Look below for the line containing "Doudou boîte à" and the line containing "L★古着 長袖 セーター"; repeat exactly those two lines and all lines between them, and nothing else.

*** Opening of Task input ***

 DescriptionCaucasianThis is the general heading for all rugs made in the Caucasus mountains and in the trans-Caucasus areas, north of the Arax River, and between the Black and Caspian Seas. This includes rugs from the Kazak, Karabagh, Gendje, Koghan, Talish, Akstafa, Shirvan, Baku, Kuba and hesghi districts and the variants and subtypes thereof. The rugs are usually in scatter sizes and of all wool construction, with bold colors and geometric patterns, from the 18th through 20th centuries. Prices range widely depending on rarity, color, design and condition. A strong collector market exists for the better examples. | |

*** Close of Task input ***
*** Opening of Task input ***

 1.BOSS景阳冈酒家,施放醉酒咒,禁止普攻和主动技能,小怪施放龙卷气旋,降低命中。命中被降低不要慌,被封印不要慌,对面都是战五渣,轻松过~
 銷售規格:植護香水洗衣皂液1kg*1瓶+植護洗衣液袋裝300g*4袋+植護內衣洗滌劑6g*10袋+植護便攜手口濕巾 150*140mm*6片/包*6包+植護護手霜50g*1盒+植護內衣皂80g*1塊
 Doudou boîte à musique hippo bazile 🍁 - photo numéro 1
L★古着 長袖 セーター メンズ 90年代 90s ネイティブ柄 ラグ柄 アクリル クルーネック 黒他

*** Close of Task input ***
*** Opening of Task input ***

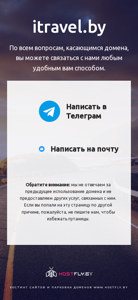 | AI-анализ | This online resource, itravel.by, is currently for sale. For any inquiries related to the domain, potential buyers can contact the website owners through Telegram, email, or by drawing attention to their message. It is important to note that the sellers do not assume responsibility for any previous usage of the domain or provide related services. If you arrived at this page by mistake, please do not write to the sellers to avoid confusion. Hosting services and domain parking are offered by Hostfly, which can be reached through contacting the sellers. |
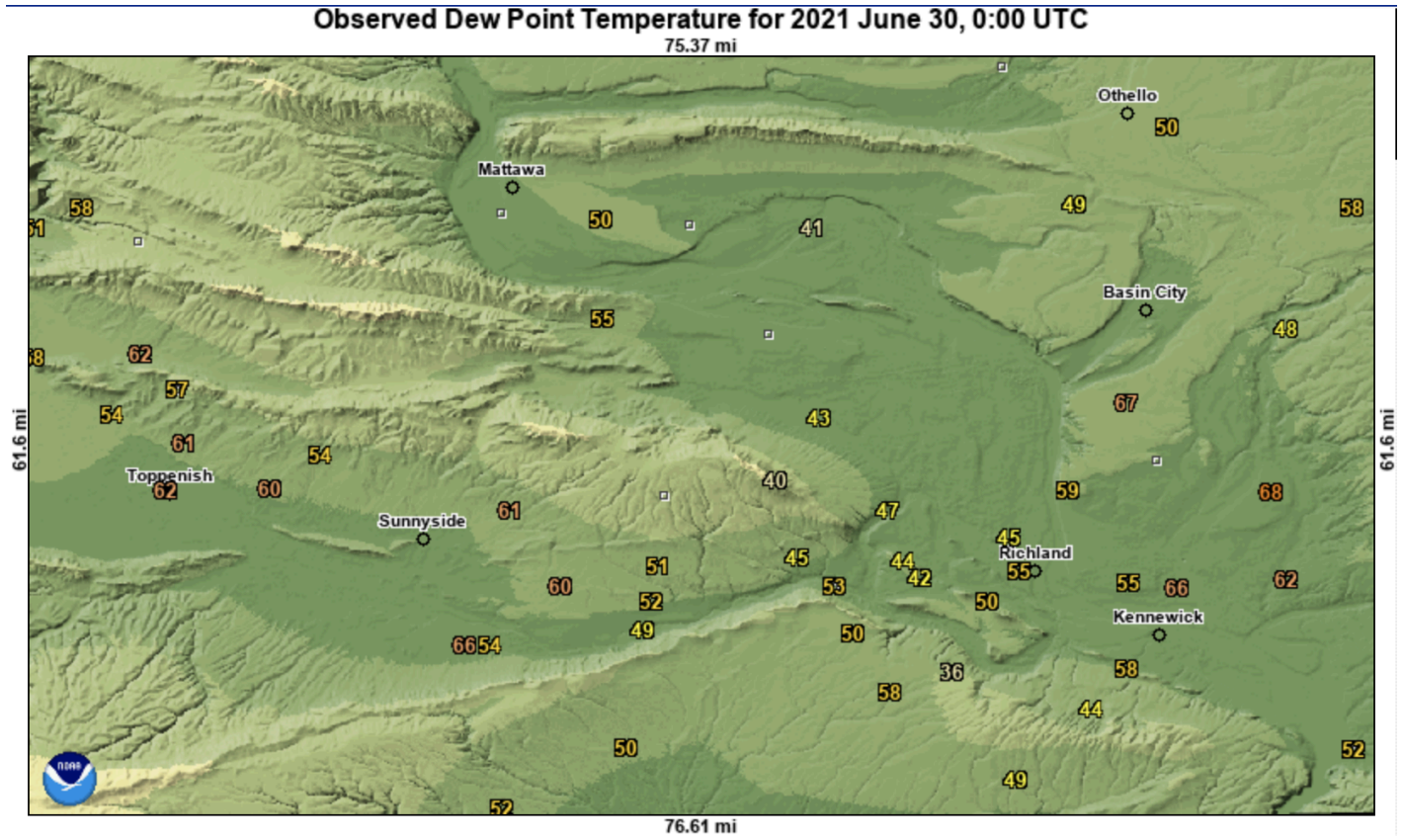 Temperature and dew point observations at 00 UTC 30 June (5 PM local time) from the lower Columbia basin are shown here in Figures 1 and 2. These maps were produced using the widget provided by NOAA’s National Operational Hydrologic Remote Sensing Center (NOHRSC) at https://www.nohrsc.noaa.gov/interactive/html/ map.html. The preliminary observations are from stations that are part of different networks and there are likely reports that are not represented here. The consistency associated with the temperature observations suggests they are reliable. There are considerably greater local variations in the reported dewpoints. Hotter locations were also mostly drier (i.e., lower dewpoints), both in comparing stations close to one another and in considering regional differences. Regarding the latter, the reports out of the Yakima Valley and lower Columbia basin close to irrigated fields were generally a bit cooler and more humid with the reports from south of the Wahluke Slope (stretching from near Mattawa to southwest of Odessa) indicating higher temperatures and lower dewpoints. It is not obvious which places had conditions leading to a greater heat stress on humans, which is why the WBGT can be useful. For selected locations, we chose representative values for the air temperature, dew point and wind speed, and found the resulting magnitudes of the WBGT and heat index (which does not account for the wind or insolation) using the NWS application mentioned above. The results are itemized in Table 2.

*** Close of Task input ***

**Task output:**
 Doudou boîte à musique hippo bazile 🍁 - photo numéro 1
L★古着 長袖 セーター メンズ 90年代 90s ネイティブ柄 ラグ柄 アクリル クルーネック 黒他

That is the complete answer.